What is required
Word for word, quote the lines from the one containing "Matthew Garoufalis, DPM, FASPS, FACPM, CWS, FFPM, RCPS" to the end of the entries below, including both. Leave pictures out.

********************

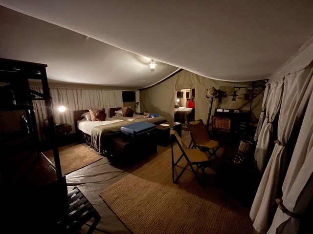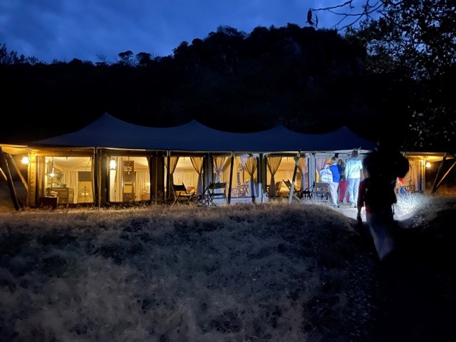 In der Serengeti schliefen wir zwei Nächte im Pioneer Camp, welches etwas oberhalb mit Blick auf die Serengeti liegt. Wir teilten uns ein riesiges Familienzelt im Kolonialstil, mit 2 Doppelbetten und 2 Badezimmern. Gegessen wurde dann im Laternenlicht mit Blick auf die unendlichen Weiten der Serengeti. Welch traumhaftes Erlebnis. Wenn es dunkel wird, kann es dort ganz schön gefährlich werden, da sich Löwen, Leoparde, Elefanten, Affen und Büffel herumtrieben. Vom Tisch zum Zelt mussten wir daher vom Maasai-Krieger Daniel (welch passender Name;-)) begleitet werden. Wir dachten uns, dass dies wohl eher Show wäre...
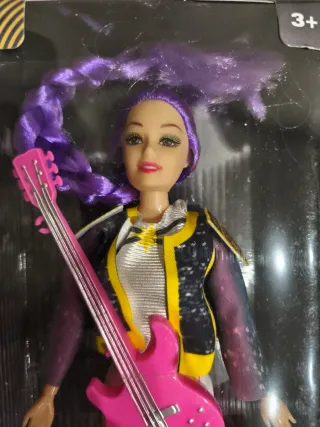 Muñeca de la película K-Pop Demon Hunters, personaje Rumi. - Incluye guitarra rosa. - Cabello morado largo. - Chaqueta con diseño. - 30 cm aprox. - Edad recomendada: 3+ años. - Envío rápido.
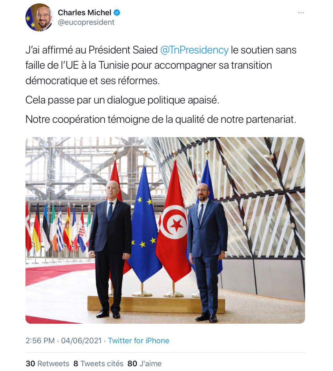 جدّد رئيس المجلس الأوروبي شارل ميشال في تدوينة نشرها على حسابة الرسمي بتويتر عقب إجتماعه أوّل أمس الجمعة 4 جوان 2021 ببروكسيل رئيس الجمهورية قيس سعيّد تأكيده لرئيس الجمهورية دعم الإتّحاد الأوروبي الثابت والكامل ( بلا تردّد) لتونس من أجل مرافقة الإنتقال الديمقراطي والإصلاحات فيها.
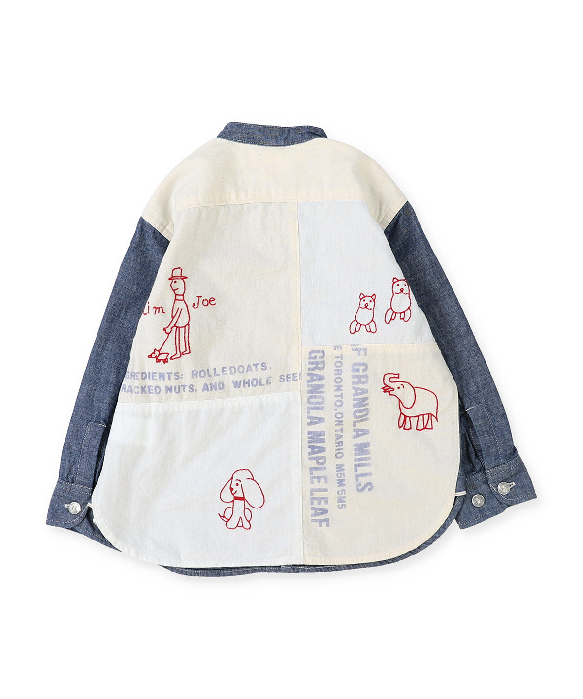 This collarless shirt is designed with playful back style. Designed like remaking the bag of an imaginary Canadian food company and embroidering over. This shirt features goofy but cute embroidering favorite items of the owner: slim neighborhood JOE and his lovely dog. It looks lovely with red of embroideries and tricolor of navy printing.
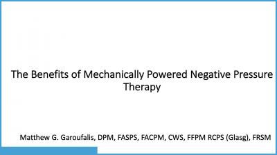 Matthew Garoufalis, DPM, FASPS, FACPM, CWS, FFPM, RCPS (Glasg), discusses application tips and techniques with dNPWT based on case scenarios. He also discusses the difference between disposable NPWT and electrically powered NPWT as well as the evidence for dNPWT.
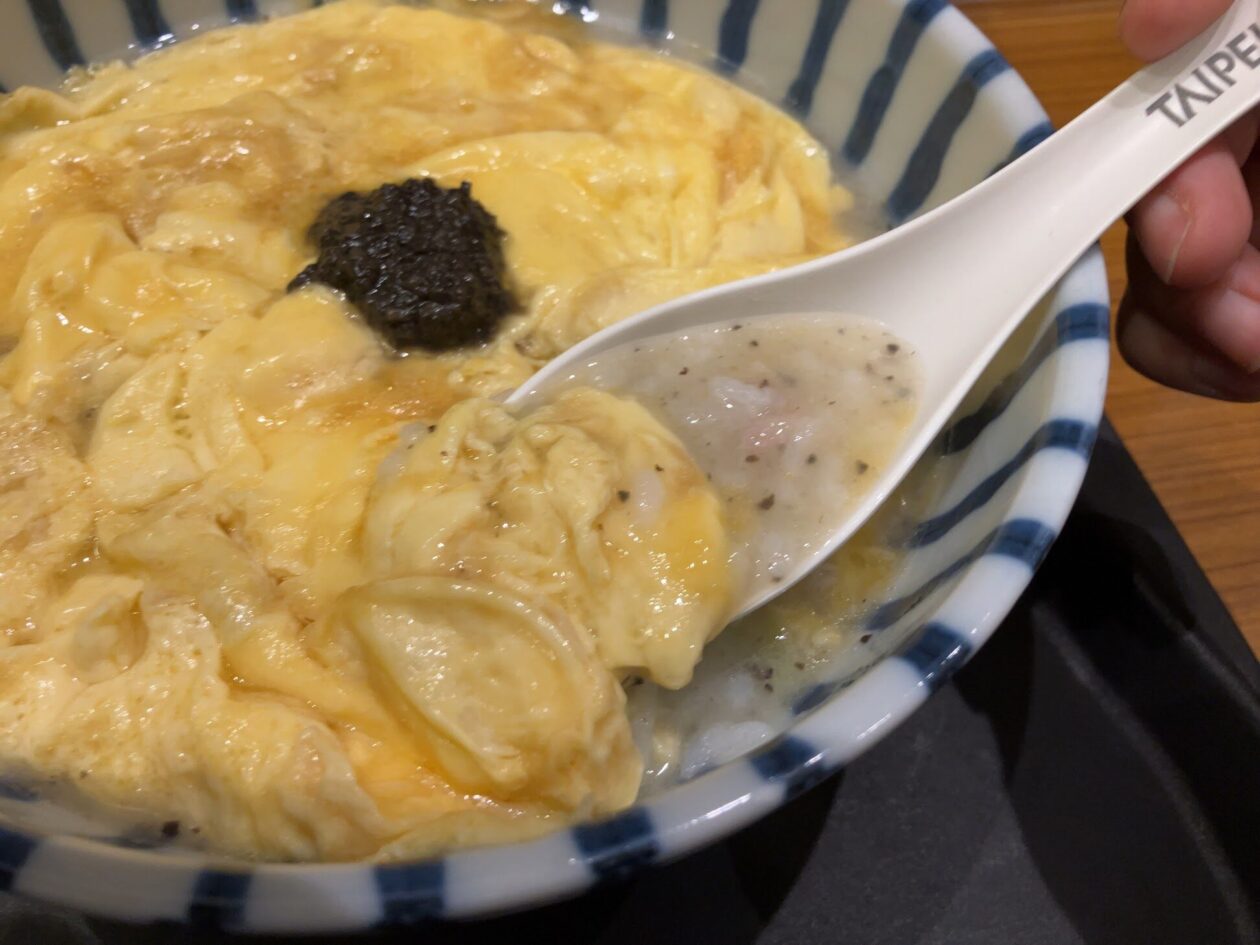 台湾ではお粥はおかずと合わせることが多いようですが、こちらは珍しく単品で食事を完成させることを想定しているお粥だからか、異色の味の濃さ。

********************

Exercise result
 Matthew Garoufalis, DPM, FASPS, FACPM, CWS, FFPM, RCPS (Glasg), discusses application tips and techniques with dNPWT based on case scenarios. He also discusses the difference between disposable NPWT and electrically powered NPWT as well as the evidence for dNPWT.
 台湾ではお粥はおかずと合わせることが多いようですが、こちらは珍しく単品で食事を完成させることを想定しているお粥だからか、異色の味の濃さ。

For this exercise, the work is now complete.